Piotr Marian Massonius (1 February 1862 – 20 July 1945) was a Polish philosopher, teacher and scholar of Positivism.

==Life==
Massonius studied law at the Warsaw University and then abroad, where he took up philosophical and pedagogical studies at various German universities, mainly in Leipzig. He became one of the representatives of the Warsaw school of Positivism who formed a common front against Messianism together with the Polish Neo-Kantians.

Before Poland's return to independence, Massonius wrote for the Polish-language St. Petersburg weekly Kraj and contributed to the Polish-language periodicals Głos, Tygodnik Ilustrowany, Wisła, Gazeta Warszawska and Gazeta Polska. In 1897–1914 he served on the editorial board of Przegląd Filozoficzny (The Philosophical Review). In 1906 Massonius was elected to Russia's first National Duma. In 1906–14 he lectured at Warsaw's Flying University, and in 1920–32, as a professor he conducted courses in philosophy and pedagogy at Stefan Batory University in Vilnius, then part of the Second Polish Republic; in these, he focused on epistemology and aesthetics. He became dean of the Humanities Department there. His writings included a collection of philosophical essays, and Polish translations of Western philosophers such as Immanuel Kant, Émile Tardieu and Schopenhauer.
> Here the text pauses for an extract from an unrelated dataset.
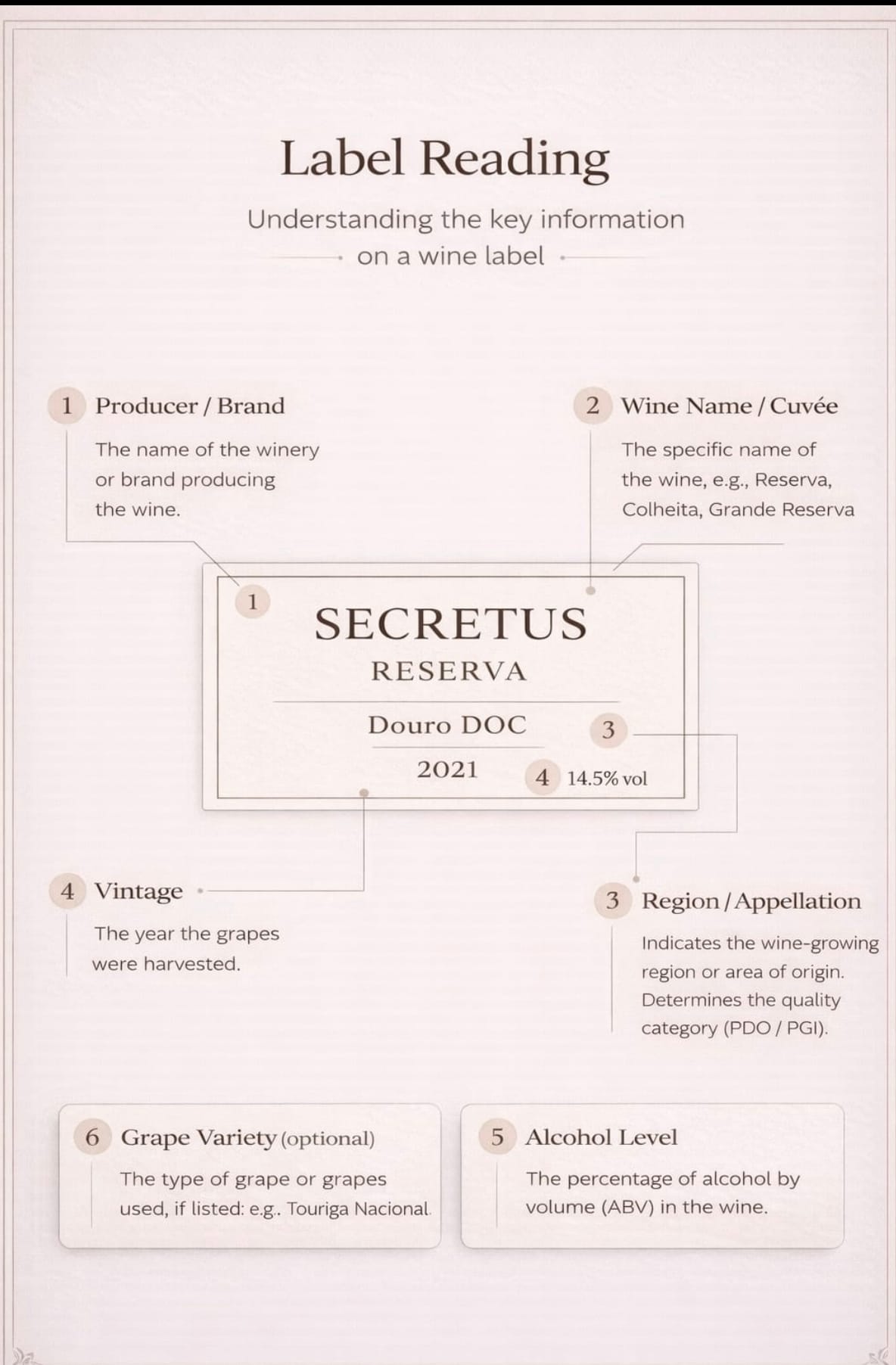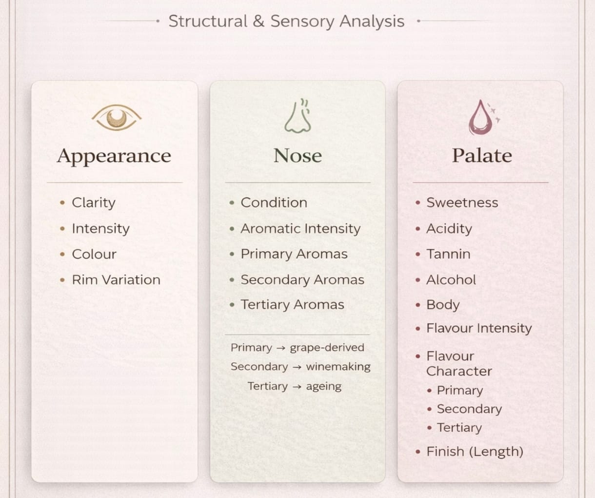 Aromalar genellikle üç düzeyde değerlendirilir: Birincil aromalar (üzüm ve meyve kaynaklı), İkincil aromalar (fermantasyon ve üretim süreci kaynaklı), Üçüncül aromalar (olgunlaşma ve zamanla gelişen notalar).

On 21 September 1920, in Poznań, Massonius published an essay On Bolshevism, including observations on the 1847 Communist Manifesto of Marx and Engels. As one of the first Polish scholars following the 1917 Russian Revolution, he warned that communist ideology was merely a tool that enabled the Bolsheviks to assume the political role of a new ruling class in Russian society. Workers and peasants – Massonius wrote – were to become an embellishment for the commissars corresponding roughly to the former Tsarist governors, heads of administrative districts (volosts), prosecutors, heads of treasury offices, directors of school departments, and so on.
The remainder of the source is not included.